We observed that the collagen scaffold itself did not affect the bone formation around the transplanted tooth, which was clarified upon comparison of collagen and tooth groups. In contrast, when CB-MSC-derived spheroids were transplanted with a collagen scaffold, the formation of NB was significantly increased. In recent studies, it was shown that bone-forming cells in CB-MSCs have higher bone differentiation and bone-forming ability than bone marrow stromal cells, which have been widely used for bone regeneration [32]. Furthermore, spheroids obtained by three-dimensional culture of CB-MSCs were used in this study, which have higher bone differentiation and bone formation abilities than two-dimensionally cultured CB-MSCs [20, 21]. When atelocollagen sponge, with an extremely short absorption period, is used as a carrier for bone regeneration, it is conceivable that the use of highly osteogenic cells, such as CB-MSC spheroids, would be mandatory. In support of this notion, no significant increase in the formation of NB was observed in the MNC group compared with that in the collagen group. Because MNCs are a mixture of various types of cells and the proportion of bone marrow stem cells (CD271 + /CD45-) in human bone marrow MSCs is reported to be approximately 0.06% [33], the number of osteogenic cells might not be sufficient to enhance bone formation in this model.

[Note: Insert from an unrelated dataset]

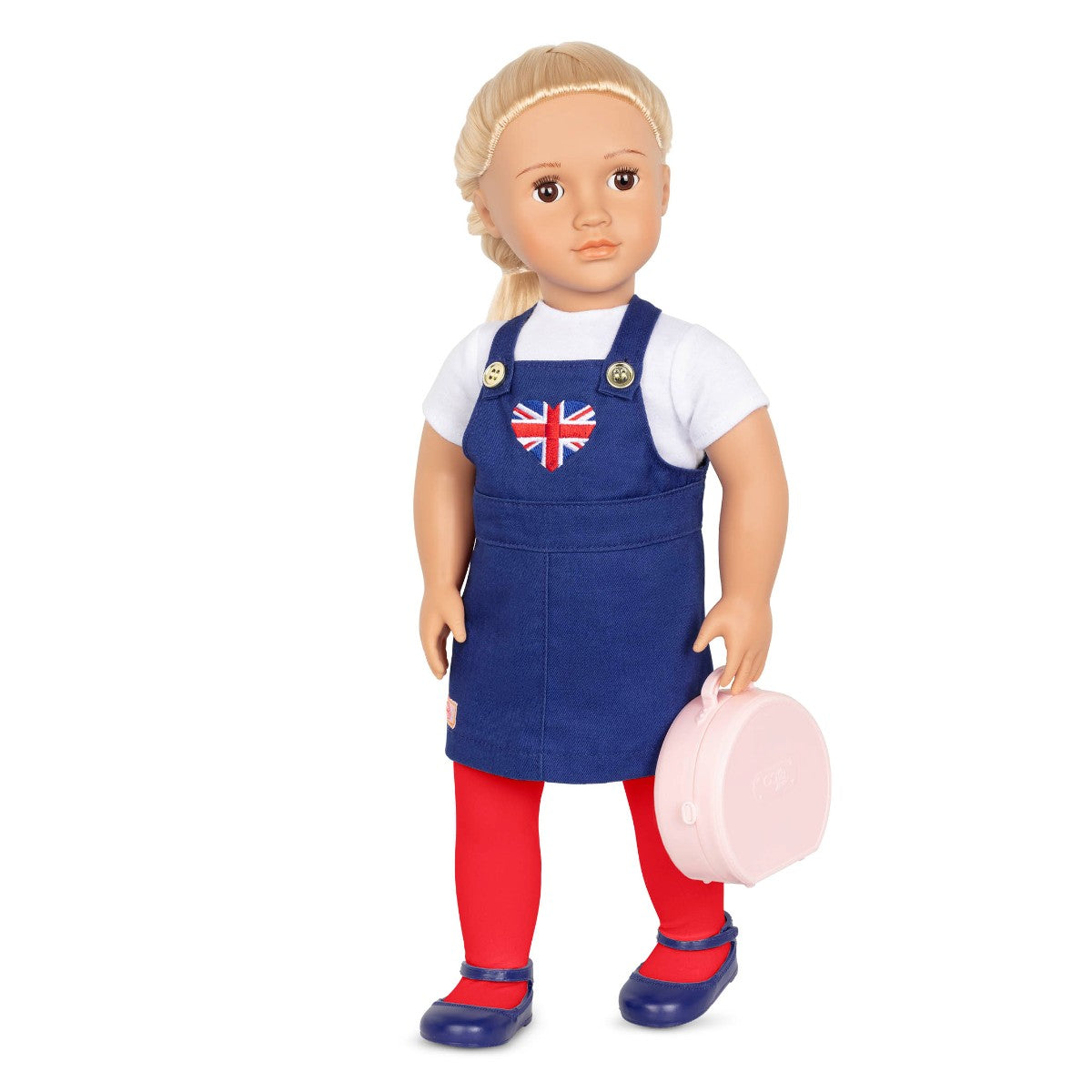 Hils på Olivia som er en af de populære dukker fra Our Generation. Olivia har pakket en weekend taske for at flyve en tur til London. Hun elsker at shoppe, og kan bruge mange timer på at kigge i forretningerne. Specielt tøjbutikker er hun glad for. Til dukken medfølger: Kjole, røde strømpebukser, hvid t-shirt, blå sandaler og en weekend taske.

In this study, cell tracking was not performed, which is one of the limitations of this study. Periodontal ligament cells have bone-forming ability [34], and it is also known that dental pulp contains highly osteogenic stem cells [35]. Accordingly, it is necessary to consider multiple cell sources for the origin of osteoblasts in this animal model. Because bone regeneration was observed in the area between roots in all groups, it can be speculated that the periodontal ligament attached to the surface of the extracted tooth played an important role in the formation of NB in this region. Moreover, in some samples, cementum-like enlarged hard tissue was formed around the apex of roots. Because this phenomenon was observed in all groups, it is also possible that the hyperplastic cementum- or bone-like tissue around the root apex might originate from osteogenic cells migrating from the dental pulp. New bones formed outside the roots were clearly more common in the CB-MSC group than in the other groups, suggesting that the newly formed bones outside the roots in the CB-MSC group originated from the transplanted CB-MSC spheroids. To confirm this hypothesis, we also transplanted CB-MSC spheroids or MNCs with atelocollagen sponge but without a tooth (Supplemental Fig. 3). Only CB-MSC spheroids with collagen sponge showed the formation of NB, which further supports the role of CB-MSC spheroids in enhancing the formation of NB only in the CB-MSC group.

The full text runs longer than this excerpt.